“Pricing is all about setting the right perception.” – Neil Davidson, Don’t Just Roll the Dice Author
A pricing model is one of the business assumptions that changes the most.
The price you choose initially will certainly be wrong, but it won’t be final. You can mark this loss of profitability as a tax on learning.
Early on, your real goal with pricing is to make sure that money changes hands in sufficient quantity to validate that a business is worth building. Once you have that, you’ll work your way to a more just value-based price, based on the perceived or estimated benefit to the customer rather than the cost of the product.
Your pricing sets the value (or the perception of value) of your product. In the same way that luxury products use price to brand themselves above the market, B2B pricing determines who your economic buyer will be and sets the expectations for the Return on Investment (ROI).
Taleo, for example, used pricing to position its product as a high-end recruitment solution, pricing their products at a level that almost only large companies could afford.
But, pricing above market adds complexity to your Product-Market validation.
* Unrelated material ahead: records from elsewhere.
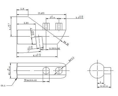 此款彈子圖紙難點(diǎn)在于產(chǎn)品結(jié)構(gòu)復(fù)雜,加工定位難,設(shè)計(jì)基準(zhǔn)和加工基準(zhǔn)不一致而容易導(dǎo)致尺寸不穩(wěn)定;
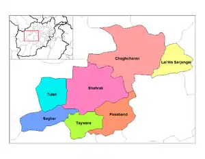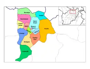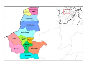 The districts of Afghanistan, known as wuleswali (Pashto: ولسوالۍ, wuləswāləi; Persian: شهرستان, shahrestān), are secondary-level administrative units, one level below provinces. The Afghan government issued its first district map in 1973.[1][2] It recognized 325 districts, counting wuleswalis (districts), alaqadaries (sub-districts), and markaz-e-wulaiyat (provincial center districts).[2] In the ensuing years, additional districts have been added through splits, and some eliminated through merges. In June 2005, the Afghan government issued a map of 398 districts.[3] It was widely adopted by many information management systems, though usually with the addition of Sharak-e-Hayratan for 399 districts in total. It remains the de facto standard as of late 2018, despite a string of government announcements of the creation of new districts.
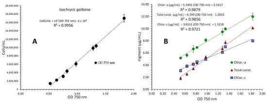 Correlation of algal density (A) and pigment concentration (B) with absorption (Optical Density-OD) at 750 nm in Isochrysis galbana culture. Values are means of 3 replicates ± SD.
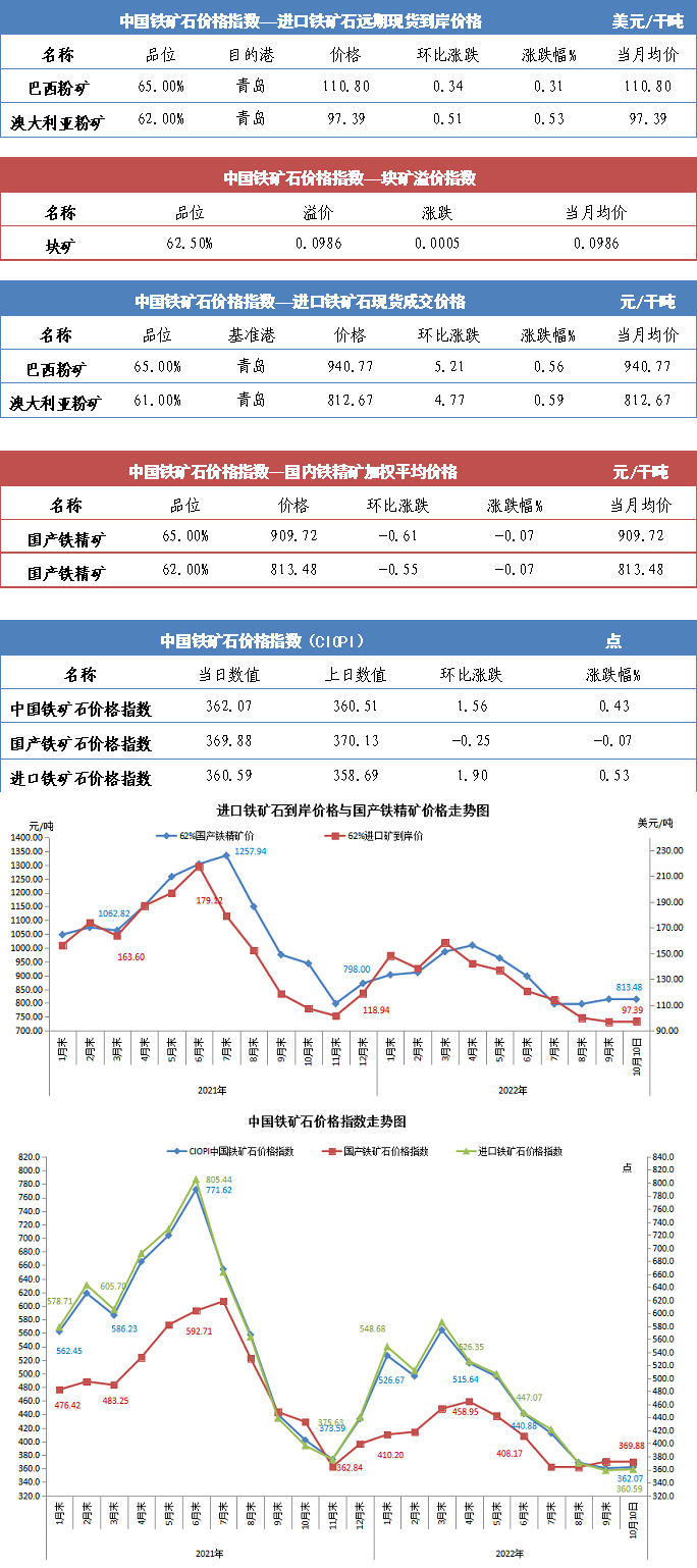 【行業(yè)指數(shù)】10月10日中國鐵礦石價(jià)格指數(shù)
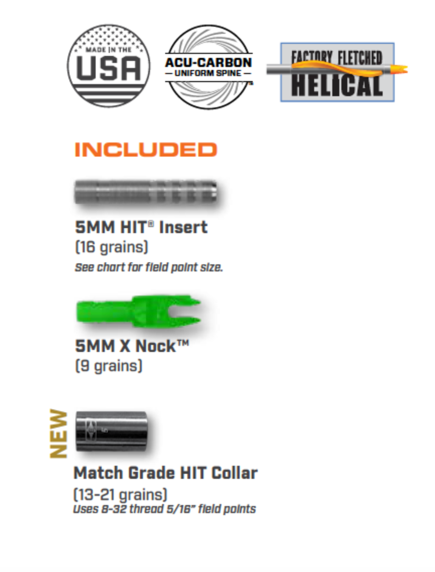 - Components Included: 5 mm HIT 8-32 Inserts (16 grains), 5mm X Nocks (9 grains), and Match Grade HIT Collar (13 - 21 grains)
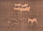 ‘In 1908 a selection of Tongue copies were exhibited at the South African Public Library in Cape Town and then at the Royal Anthropological institute in London. In 1909 a series of copies were brought together in a handsome portfolio of 54 plates and an accompanying book with two collotype plates and eight black-and-white photographs.
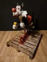 Vintage draaimolen met de afbeelding van Sylvester en Tweety de kat, uit de jaren 70, gemaakt van glasvezel.
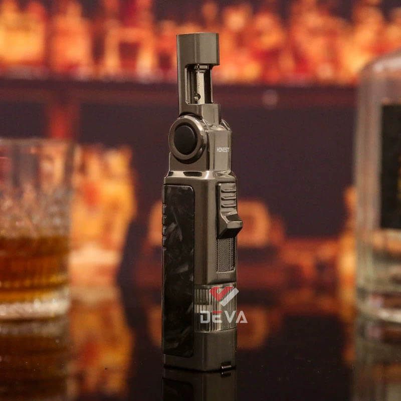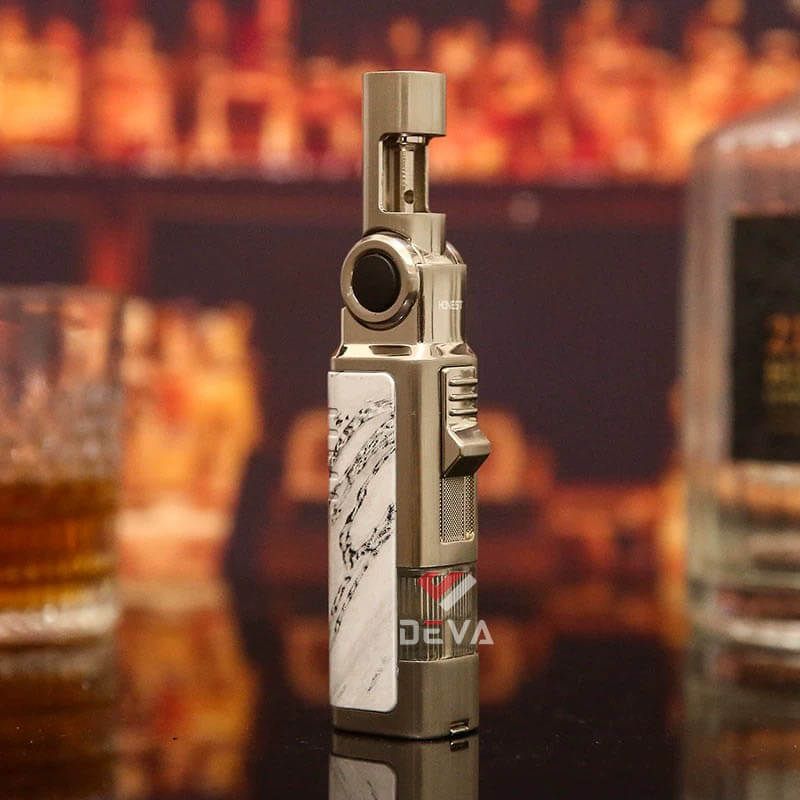 Bật Lửa Honest BCZ863 Khò 1 Tia Cổ Xoay 60 Độ Độc Đáo & Tích Hợp Đục Cigar. Deva Shop cùng bạn khẳng định đẳng cấp và sự tiện dụng với bật lửa gas Honest BCZ863 chính hãng. Đây không chỉ là một công cụ tạo lửa thông thường mà là một siêu phẩm công nghệ dành riêng cho tín đồ cigar và những người yêu thích sự khác biệt. Với thiết kế hiện đại, tinh xảo, BCZ863 mang đến trải nghiệm sử dụng linh hoạt chưa từng có. Sở hữu cổ xoay 4 nấc với góc điều chỉnh lên đến 60 độ, giúp bạn dễ dàng châm lửa ở nhiều tư thế khác nhau mà không lo bỏng tay. Tia lửa khò xanh trong suốt, tập trung nhiệt lượng cao, giúp châm cháy nhanh chóng và chống gió cực tốt. Dưới đáy bật lửa được trang bị sẵn dụng cụ đục cigar sắc bén, có thể gấp gọn khi không sử dụng, giúp bạn tiết kiệm không gian và luôn sẵn sàng thưởng thức. Thân vỏ được hoàn thiện với các vân đá cẩm thạch tinh tế, mang lại vẻ đẹp lịch lãm và cảm giác cầm nắm chắc chắn. Thiết kế có ô cửa sổ báo gas giúp bạn chủ động nạp lại năng lượng bất cứ lúc nào.

In general, you should target budgets that your company feels comfortable pitching for.
If you were able to collect information about the purchase authority during the Problem interviews, you can already tell if your pricing will be within range or if you need to go higher up in the company.
In general, the lowest level of signing authority — the amount that can be purchased without asking for special approval — in a company is $500 to $1,000. If you’re priced just $1 too high, sometimes it requires the next level of management to sign off.
Example of Signing Authority in a Large Company
Companies have formal structures with many stakeholders controlling budget to avoid fraud.
Based on their roles, levels and responsibilities, the people you’ll interact with may have very different signing authorities ranging from $500 to $25,000 and above. Selling above the signing authority of your prospects typically complicates and prolongs sales cycles.
Beware, start with one product, one benefit and one pricing model before you start thinking about how it should evolve. Early on, it’s usually best to keep things simple.